WORKMEN’S CONTENTIONS (RESPONDENT):
The workmen contended that retrenchment means termination of services of workers for any reason except those reasons which are excluded under Section 2 (oo) of the Industrial Dispute Act.
JURISDICTIONS
• Justice K.N. Saikia, Chief Justice Sabyasachi Mukharji, Justice B.C. Ray, Justice M. H. Kania, Justice S.C. Agarwal: The bench analysed the definition of retrenchment under Section 2(oo) of Industrial Dispute Act by stating the necessities:
1. Termination of services of a workmen
2. By the employer
3. For any reason
4. Otherwise, then as a punishment inflicted by way of disciplinary action.
The court stated that the purpose of the statute must be considered instead of presumed intention.
• The bench further specified that there is an irregularity in the definition of Section 2(oo) with the main provisions of Section 25 F, 25 G, and 25 H but there can be Harmonious Construction.

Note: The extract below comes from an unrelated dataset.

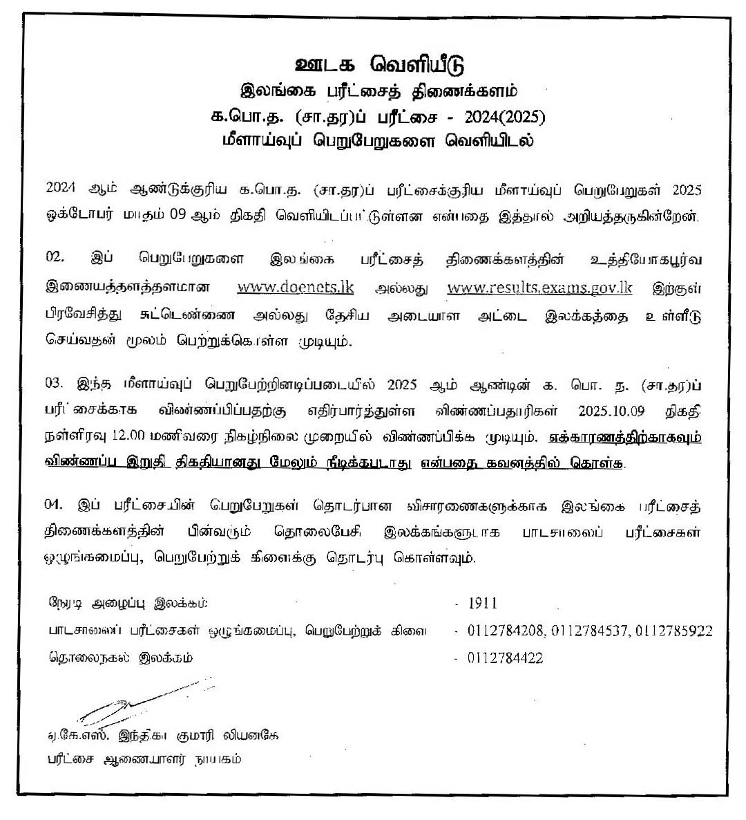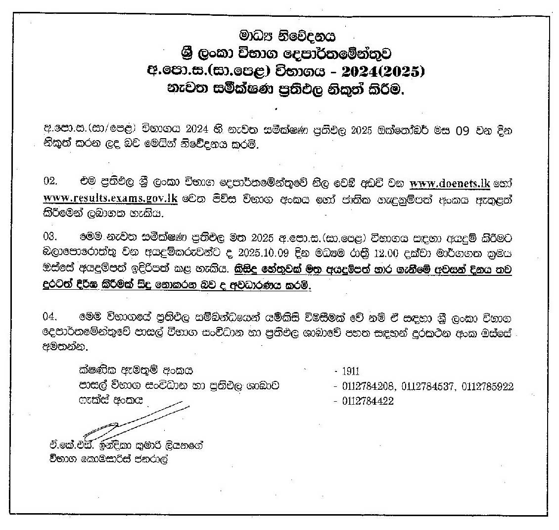 Results (After Re-scrutiny) – G.C.E. O/L Examination 2024 (2025)

• The bench referred to the case of Sundara Money, the Supreme Court considered broader liberal meaning, refusing narrower meaning. It also definite by concluding from the succeeding cases that it is not obligatory to stick to the precedents if that changes the basis of legislation.
• It further concluded that the word “means’’ in the definition not only states that it includes certain things or acts; it is a definition to which no additional meaning can be allocated.

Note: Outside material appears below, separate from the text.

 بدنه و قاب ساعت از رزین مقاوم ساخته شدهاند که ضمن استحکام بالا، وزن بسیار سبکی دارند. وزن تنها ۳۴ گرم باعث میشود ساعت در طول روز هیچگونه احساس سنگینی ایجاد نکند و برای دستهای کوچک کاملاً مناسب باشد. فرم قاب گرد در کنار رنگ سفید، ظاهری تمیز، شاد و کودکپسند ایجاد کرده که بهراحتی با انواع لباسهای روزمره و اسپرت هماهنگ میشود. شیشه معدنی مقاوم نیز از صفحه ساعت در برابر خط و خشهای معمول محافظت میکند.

• The bench also states that if the retrenchment is understood in a wider sense, then the right of employers under the standing order and contract of employment in case of termination must have been affected by Section 2 (oo), 25 F, etc, and their rights are not affected but only an additional responsibility was compulsory on the employer so that the affected workmen are entitled to retrenchment benefit. It also specified that the court must write the intention of the parliament if not by the legislature. It further stated that the court must understand the statute and apply it according to the facts.
DECISION
• The court dismissed civil appeal no. 3241-48 of 1981, 686(NL) of 1982, 18 17 of 1982, 1898 of 1982, 3261 of 1982, 1866 of 1982, 1868 of 1982, 8456 of 1983, 10828 of 1983 and S.L.P. (C) No. 3149 of 1983 were dismissed with the quantification of the cost at Rs. 3000 in each of the appeals.

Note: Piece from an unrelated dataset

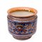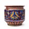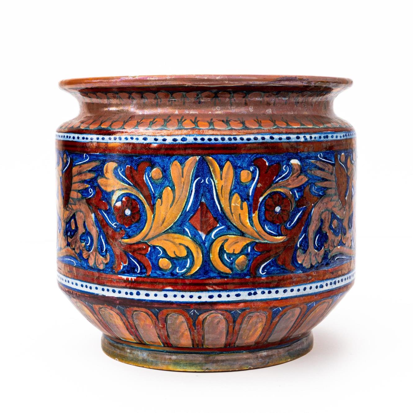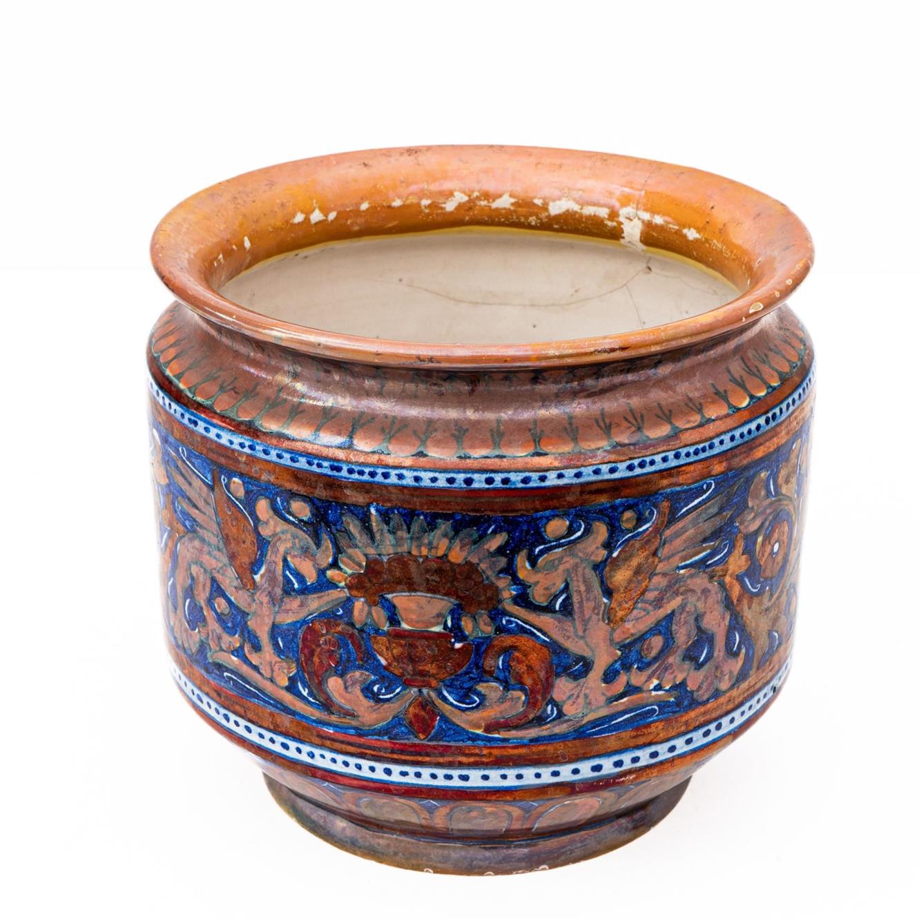 Cachepot in maiolica a lustro metallico rosso con draghi alati e trofeo.

• In the civil appeal no. 686 of 1982, the court directed the reinstatement of the respondent as he was serving since 1983.
• In the civil appeal no. 885 of 1980, the court disposed of the appeal and directed to pay the workmen the compensation amounting to Rs. 1,25000 with reinstatement.
• Civil appeal no. 4116 of 1984, 512-513 of 1984, 783 of 1984 were wrongly placed according to the court and the subject matter is not related to all the appeals with a similar issue involved in this case.
CONCLUSION
• The conclusion that we can draw from this case is that the word retrenchment under Section 2(oo) of the Industrial Dispute Act must be considered and read in a broader sense.
• It also states that interpretation of the statute must accord with its intention and must apply to the facts of the case consequently.
• Therefore, interpreting the definition of retrenchment must harmony to its wider sense and not rendering to the presumed intention.